Today, Applied Broadband announced the availability of its Pipeline Universal Broadband IP Detail Record (IPDR) engine.

Applied Broadband founder Jason Schnitzer said Pipeline was specifically designed for cable operators that need to collect, process, normalize and distribute massive amounts of IPDR data for visibility into their networks, devices, services and subscribers’ overall experience. Schnitzer said Pipeline is currently deployed with an unnamed, top-10 cable operator in the United States.

“What we’re doing is not building applications, but building a collection layer that is designed to favor cable operators,” Schnitzer said to CED. “Pipeline is a shim, or collection layer, between a CMTS (cable modem termination system) and northbound OSS/BSS applications that rely on IPDR data in the service management layer. We don’t build IPDR applications; we build the shin to enable northbound applications.”

With support for the IPDR streaming protocol – a mandatory requirement for DOCSIS 3.0 equipment and proposed for tru2way, enhanced television (ETV), Project Canoe and other initiatives – the collection and analysis of IPDR data is the critical foundation for a variety of cable operators’ business needs, ranging from metered billing, commercial services and targeted advertising to so-called ‘fair use’ bandwidth management.

According to Applied Broadband, the challenge is that today’s networks already support millions of cable modem devices with multiple services per device, requiring an operator to collect and manage billions of IPDR records per day and feed them into multiple OSS/BSS applications across their organization.

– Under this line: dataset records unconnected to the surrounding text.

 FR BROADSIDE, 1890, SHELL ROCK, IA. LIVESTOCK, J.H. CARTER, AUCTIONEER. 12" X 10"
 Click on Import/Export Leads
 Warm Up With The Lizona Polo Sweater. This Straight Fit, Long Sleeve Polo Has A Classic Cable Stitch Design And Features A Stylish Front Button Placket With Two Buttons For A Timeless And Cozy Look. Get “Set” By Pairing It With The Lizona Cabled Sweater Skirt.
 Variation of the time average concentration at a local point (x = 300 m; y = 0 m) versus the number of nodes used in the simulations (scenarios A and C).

Developed in consultation with major cable operators and technology vendors, Pipeline provides a modular IPDR collection layer specifically designed for the scale and reliability needs of today’s broadband cable networks.

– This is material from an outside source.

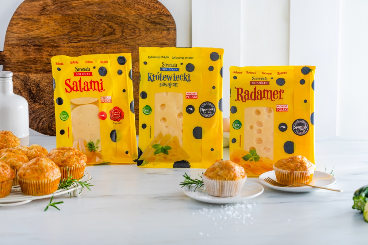 A Poland-first cheese brand that covers all most popular cheese types manufactured at Spomlek: Radamer, Radamer Wędzony, Szwajcar Królewiecki, Babumi, Salami,  Ser Mleczny, Gouda. Cheese aficionados must also try the Salami cheeses with spices, including garlic, and herbs, among them tomato with basil and chilli with pepper combinations. Serenada strikes you on the store shelf with its original yellow packaging with black “eyes.” It can be savoured alone as delicious snack or as a component of even the most exquisite dishes.

Unlike existing IPDR collectors that provide limited functionality and are tied to a single OSS/BSS application, Schnitzer said Pipeline has a service-oriented architecture approach to collect and route IPDR record streams from millions of cable modems, enhanced multimedia terminal adapters and set-top boxes, and Pipeline routes a single IPDR data stream to multiple OSS/BSS applications, such as billing, customer service and product management.

The software-based Pipeline platform was designed to be used on low-cost, x86-based server systems from companies such as IBM, Dell and Sun Microsystems. The software works with either Solaris or Red Hat operating systems.

Applied Broadband has integrated Pipeline with current CMTS manufacturers, including Cisco Systems, Motorola, Arris and Casa Systems, as well as BigBand’s discontinued CMTS. 

On the policy side, Applied Broadband has partnered with Sandvine and Camiant.